Code can incorporate synchronization points where threads will come together on the same instruction. Synchronization can be important if early termination tests can be performed. Otherwise, the chip tends to run a group of threads as long as possible.

The latest implementation can have a computation and a one-way data transfer occurring at the same time. The older G80 architecture could perform only one action at a time. The off-chip interface is PCI Express (PCIe) Gen2 with 16 lanes delivering a maximum transfer rate of 102 Gbytes/s.

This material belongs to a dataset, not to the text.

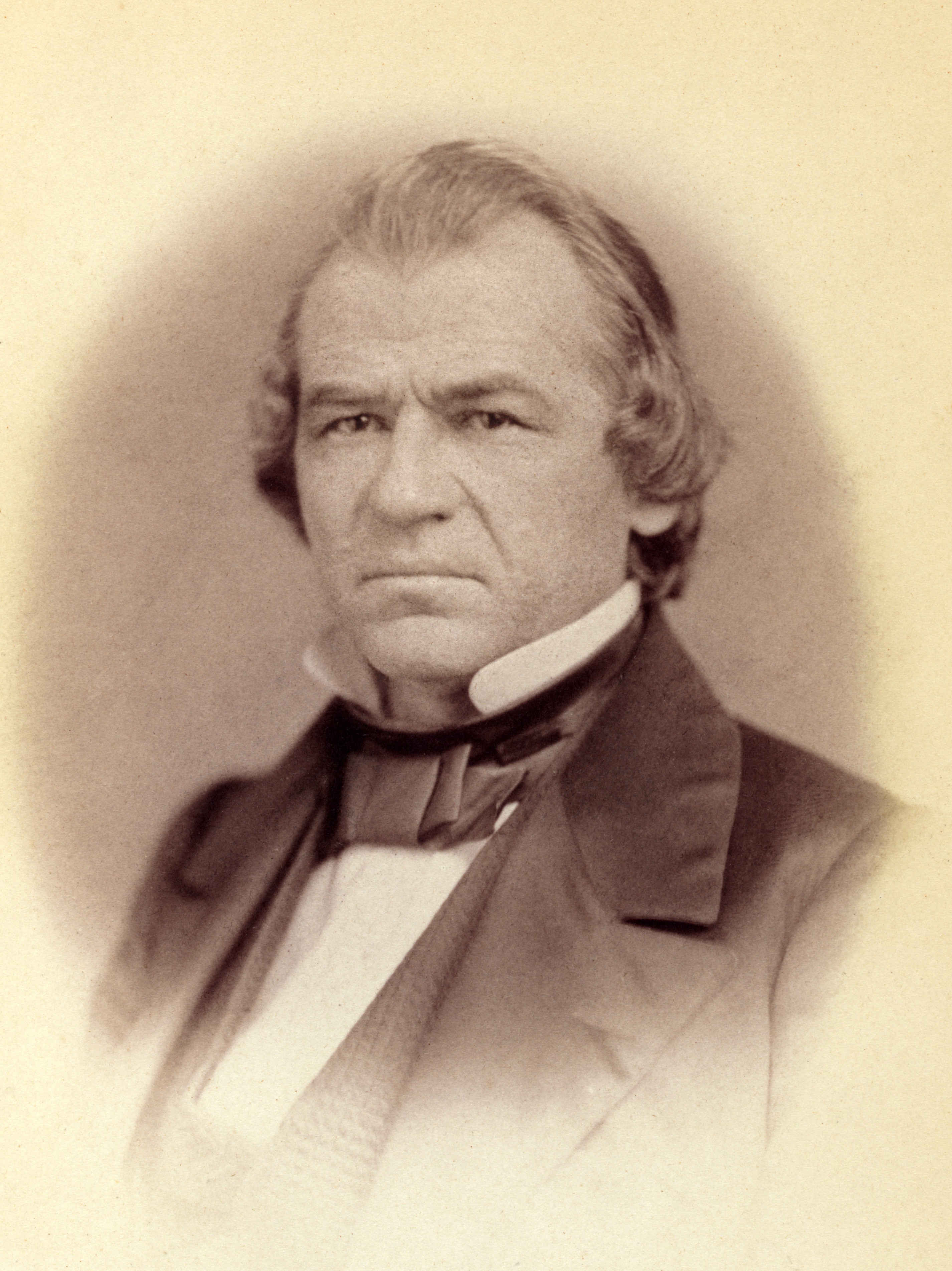 Andrew Johnson, Senator from Tennessee, Thirty-fifth Congress, half-length portraitAndrew Johnson by Vannerson, 1859 (edit).jpg

Data can be moved more quickly with the faster PCIe links, but most users are more impressed by the 4 Gbytes of on-board storage since most data needs to be in that memory to be used efficiently. Multiboard solutions work well if the data can be spread across the boards with minimal crossboard communication being required. CUDA hides most of the underlying hardware complexity from the programmer. It depends upon a few C annotations so the CUDA C compiler can better address the multithreading aspects of an application. The system does not handle recursion, and loops and arrays are the norm. This isn’t surprising given the original target for GPUs.

Also, CUDA provides access to cuDPP (Data Parallel Primitives) as well as a number of vector libraries that support the usual suspects, such as fast Fourier transforms (FFTs). Several third-party companies and projects provide similar libraries. For example, Tech-X’s GPULib provides hooks for Java, Python, Matlab, and IDL, allowing a wide range of applications to take advantage of NVidia’s GPU.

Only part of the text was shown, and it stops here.